以上の事実から、本発明ヒートシンクの構造、熱伝導率λ、表面放射率ε、ヒートシンクの板厚、各板状放熱面の投影面積Pの、放射を主体とする放熱効率の臨界的な意義が裏付けられる。
Figure 2013211195
以上、本発明ヒートシンクは、前記放熱側面などの放熱面からの熱の放射による放熱が主体であり、しかも、この放射を主体とする放熱効率を格段に向上させることができる。このため、空気対流がほとんどない狭い使用空間(使用、設置環境)に最適なヒートシンクである。また、アルミニウムまたはアルミニウム合金などの素材の使用量を最小限にし、ヒートシンクの小型化及び薄型化が可能で、デザインの自由度が高く、製造コストが廉価なヒートシンクを提供できる。このため、車載LEDランプなど車両用照明灯具向け放熱部品あるいはインバーターや各種の電気機器の冷却用の冷却ボックスに使用することができる。

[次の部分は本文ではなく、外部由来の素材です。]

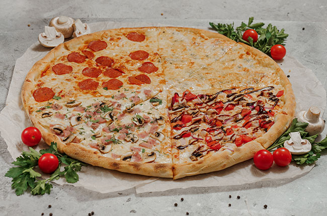 Состав: Состав: 1,4 пиццы 4 сыра, 1,4 пиццы Пепперони, 1,4 пиццы Барбекю, 1,4 пиццы Ветчина и грибы

1:ヒートシンク、2:基板、3:基板のLED素子取付面、4:基板の裏面、5、6、7、8:基板の板厚方向側面、9:LED素子、10、11、12、13:板状放熱面、14、15、16、17、18、19、21、22、23:板状放熱面の側面側、底面側の板厚方向の放熱面、P:板状放熱面の投影面積、C:基板の断面、S:断面Cの断面積

Claims (6)

  1. LED素子を取付けた基板の側面に、この基板を頂部とする板状放熱面を一体かつ連続して有するヒートシンクであって、前記板状放熱面の互いに異なる二つの方向の投影面積が、前記板状放熱面に対して各々直角方向から照射される平行光によって投影される各投影面積Pとして、前記LED素子の取付位置を通るとともに前記投影面と互いに平行な断面である前記基板の各断面積Sに対して、P≧8×Sを各々満足していることを特徴とするLED照明用ヒートシンク。
  2. 前記基板と板状放熱面によって3次元のいずれの方向へも向いた放熱面を有する請求項1のLED照明用ヒートシンク。

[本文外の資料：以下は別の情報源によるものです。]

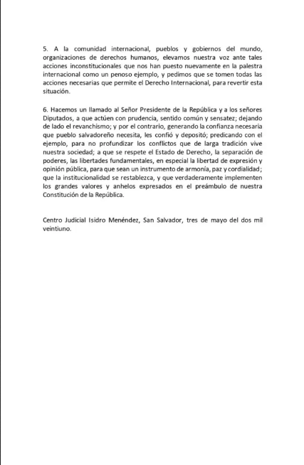 «La Asamblea Legislativa en su visión política, desobedeció el Mandamiento Judicial 1-2021, de las veinte horas con veintidós minutos del día uno de mayo del dos mil veintiuno, en la que se declara inconstitucional las anteriores actuaciones (la destitución de lo magistrados Armando Pineda, Aldo Cáder, Carlos Sánchez, Carlos Avilés y Marina de Jesús Marenco).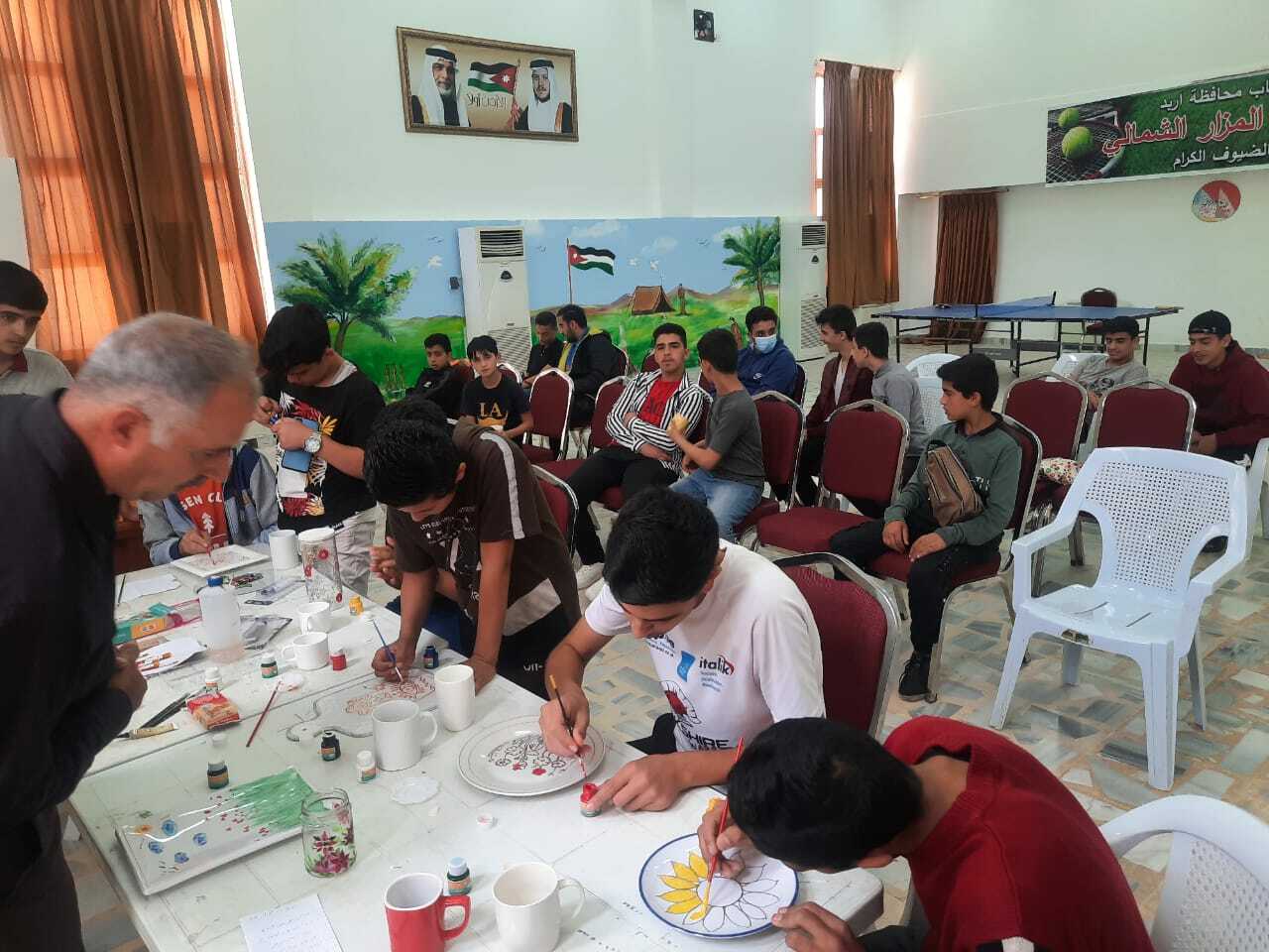 تهدف الورشة إلى تطوير مهارات الشباب و تنمية المواهب الفنية لديهم وإكسابهم مهارات جديدة في الرسم وتشجيعهم للتوجه نحو المشاريع الصغيرة.

  3. 前記基板が平面視で四角形であり、この四角形の一辺以上に前記板状放熱面を形成した請求項1または2に記載のLED照明用ヒートシンク。
  4. 前記基板が平面視で円形であり、この円形の辺の一部または全部に前記板状放熱面を筒状に形成した請求項1乃至3のいずれか1項に記載のLED照明用ヒートシンク。
  5. 前記基板と板状放熱面とが熱伝導率λが120W/(m・K)以上であるアルミニウムまたはアルミニウム合金からなるとともに、前記基板と板状放熱面との表面放射率εが0.65以上であり、前記基板と板状放熱面との板厚を0.7〜6mmの範囲とした請求項1乃至4のいずれか1項に記載のLED照明用ヒートシンク。
  6. 前記ヒートシンクが車載LEDランプ用ヒートシンクである請求項1乃至5のいずれか1項に記載のLED照明用ヒートシンク。